If vampires feeding on human beings doesn't sound like anything new, that's because it's not. When Dublin writer Bram Stoker wrote Dracula, he was writing in the aftermath of a feeding frenzy--An Gorta Mór--the Irish famine, when the landed gentry feasted on the produce of a starving people.

The Twilight movie might seem remote from Stoker's Victorian era literature, but vampire mythology has become so rich that the social critique motives of Stoker are alive and well in today's reworkings.

The first human being to be eaten by vampires in the first Twilight movieis a whiskey-swigging "Irish guy" wearing a "Kiss Me I'm..." t-shirt with a big four leaf clover on it. Vampires--Victoria and James primarily--swoop down on the defenseless man, taunt him like superior beings toying with prey, and then murder and eat him. Victoria is later seen wearing the shamrock tee as a trophy of the kill.

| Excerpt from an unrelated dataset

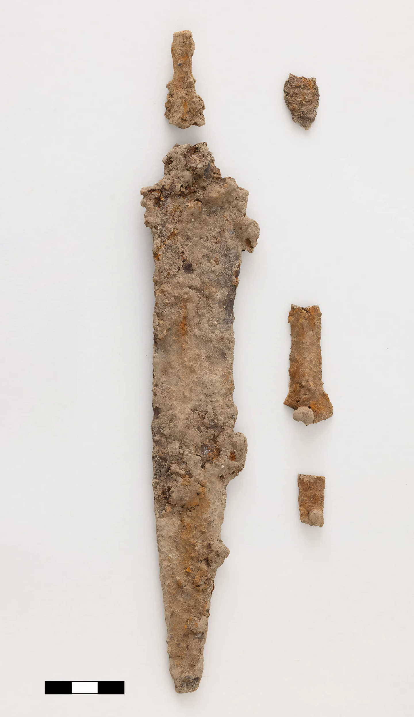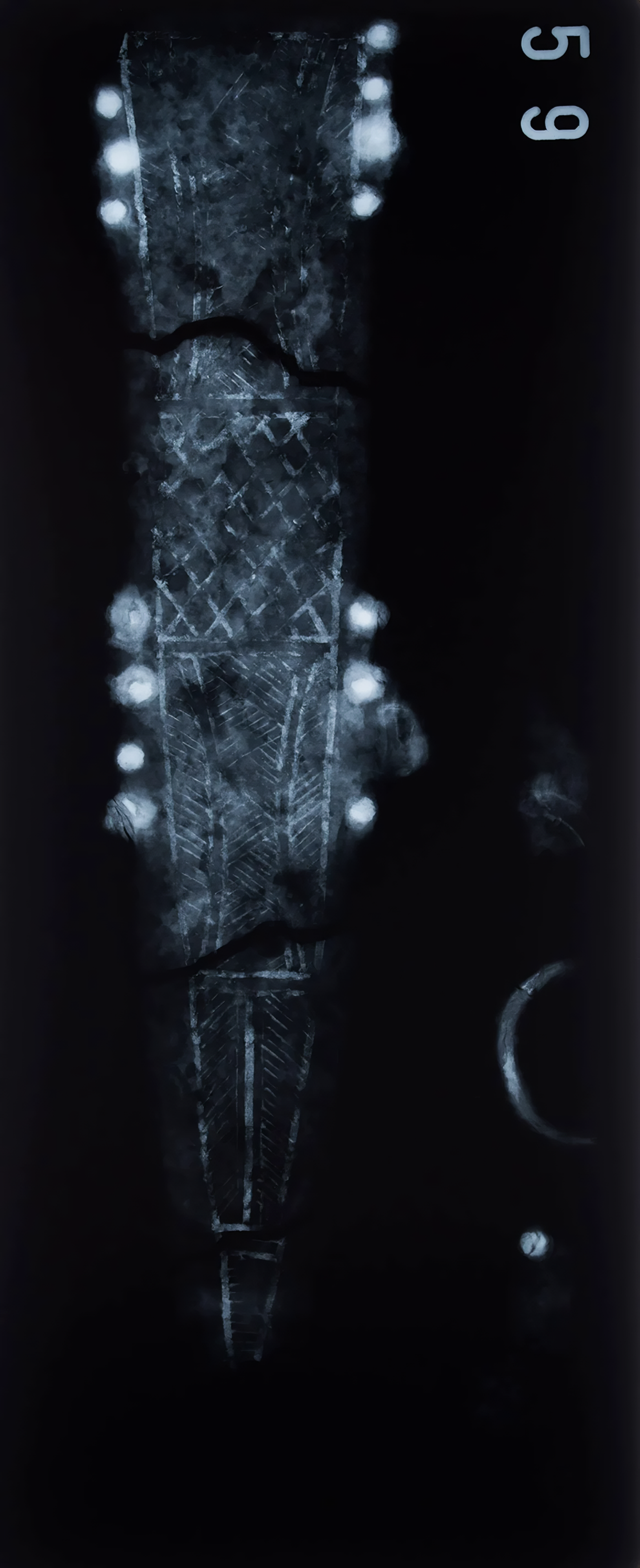 녹이 슬고 부식한 철제 단검 칼집을 엑스레이 촬영한 결과, 은선으로 장식한 전형적인 로마식 장식이 드러났다.

The first half of this teenage romance horror movie spells out the vampire and werewolf mythology used by the Twilight franchise. The second half devolves into a cliché battle between hero and villain for the safety of the defenseless human female who will so love the vampire as to redeem the bloood-sucker by submitting her humanity to his capricious vegetarianism version of vampirism. It's not so different from Stoker's work, which had a metaphorical dimension understood on some social satire level to the producers of the first Twilight movie I was roped into watching last night.

Bram Stoker conceived vampires as stand-ins for the landlords that collected food from Irish people as rent during famine times. The vampire's immortality, super powers and suave are all metaphor for the omnipotence that a little administrator holed away in his mansion can have when yielding money and status to bolster his mere human frame against the hordes of human livestock he keeps on his fields to toil and provide income. The great man in the big house profiting on rents pulled from famine victims was ripe to be remade into the vampire of Stoker's imagination. That satire has not been lost in the modern retellings.

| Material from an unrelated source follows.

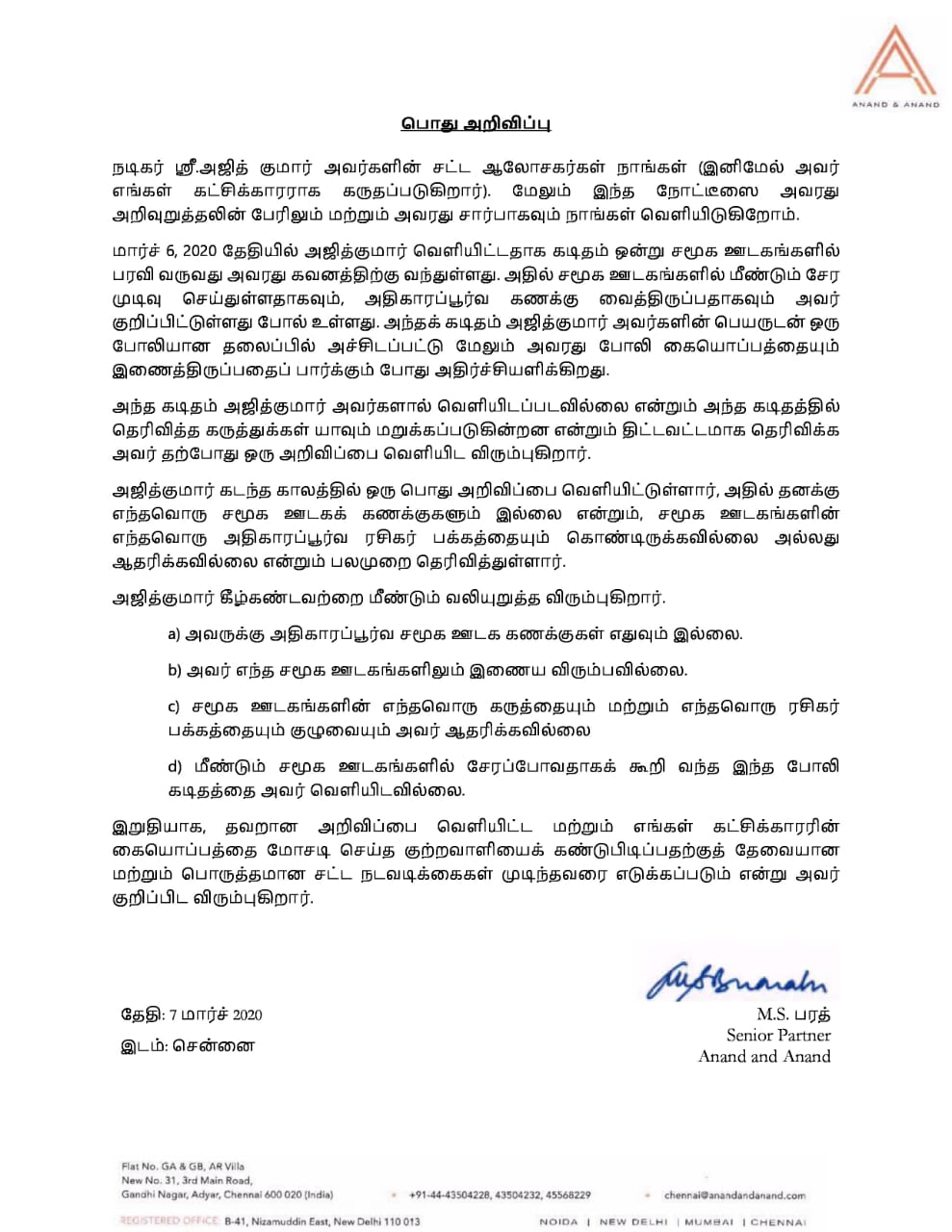Ajith denies rumors of him to be active in the social media: Actor Ajith Kumar today, March 7, has denied the fake letter circulating from yesterday in the social media in his name. The letter was written in his forged letterhead and signature. It states that he is to again be active in social media. In a strongly worded public notice, his advocates from the law firm Anand and Anand has categorically denied such a letter from Ajith. They have also confirmed that he is not going to be part of any social media platform. Also, they informed that all possible legal action to be taken against those who were responsible for circulating such a fake letter in social media.

Vampirism or exploitation was resisted by what the landlord poet Edmund Spenser called the wylde Irish wolves. Native resistance to foreign exploitation was defamed by the greatest poets of the administration as being uncivil and primitive. The vampire is a somewhat solitary reptilian creature, ruling over human sheep. Only the proud among the human animals stand up to the vampire, and so are perceived as being descended from ferocious pack animals. Or so it is told in Twilight.

Twilight's werewolves are not the Irish rebels of Edmund Spenser's nightmares, but members of a reworked indigenous northwest American tribe called the Quileute. In Twilight, these wolf-people have come to a truce with the animal-meat eating vampires, including the Coen family and the high school aged son, who is the hero of this mythological tale on TV.

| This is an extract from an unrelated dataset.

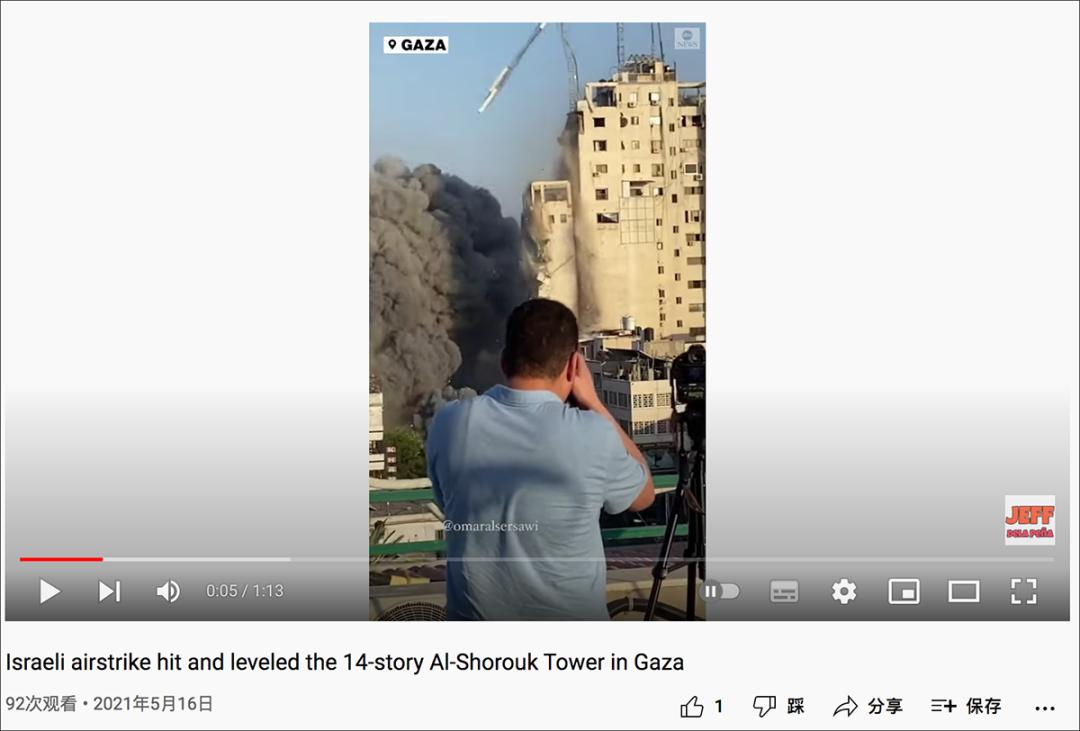 截取视频关键画面反搜,可以发现这是2021年5月以色列轰炸加沙地带南部一栋14层楼高的建筑Al-Shorouk大楼的画面,与当前俄罗斯对乌克兰发动的战争无关。

Our hero promises despite the psychotic impulse otherwise not to drink blood and not to eat people anymore.

The aristocratic quality of these bi-pedal leaches is explained by Robert Pattinson who plays the hero vampire when he stands in the sun to show us something to illustrate how much more special vampires are than human beings. Like a movie star in papparazzi flashes, or like a princess bejewelled, Robert Pattinson as vampire reveals himself to our human damsel. He stands in the sun despite the diktat against it, and shows her that his skin is not mere human skin, but diamond-skin!? In the sun-light the vampire we are told shines bright like a fallen angel each skin cell glistening with the immortal permanence of diamonds.

In Twilight, the vampire's immortality and splendid beauty is materialized in the symbol of wealth, the diamond, resplendent like a fallen angel of enormous intoxicating power and alluring privilege.

The movie sells the redeemed vampire as a kind of animal-only environmentalist that although chomping at the bit to murder people and take their livelihoods, are really hot and can do cool stuff like gods.

The damsel in distress is the human high school outcast--the deep thinker--the one maybe capable of seeing things from a higher perspective than the others in school. It's she who falls in love with the aristocratic vampire, for it is this murder-lusting hero to whom she would offer her very humanity. She is in fact eager to betray her humanity and get bitten by the vampire so that she can become another parasite.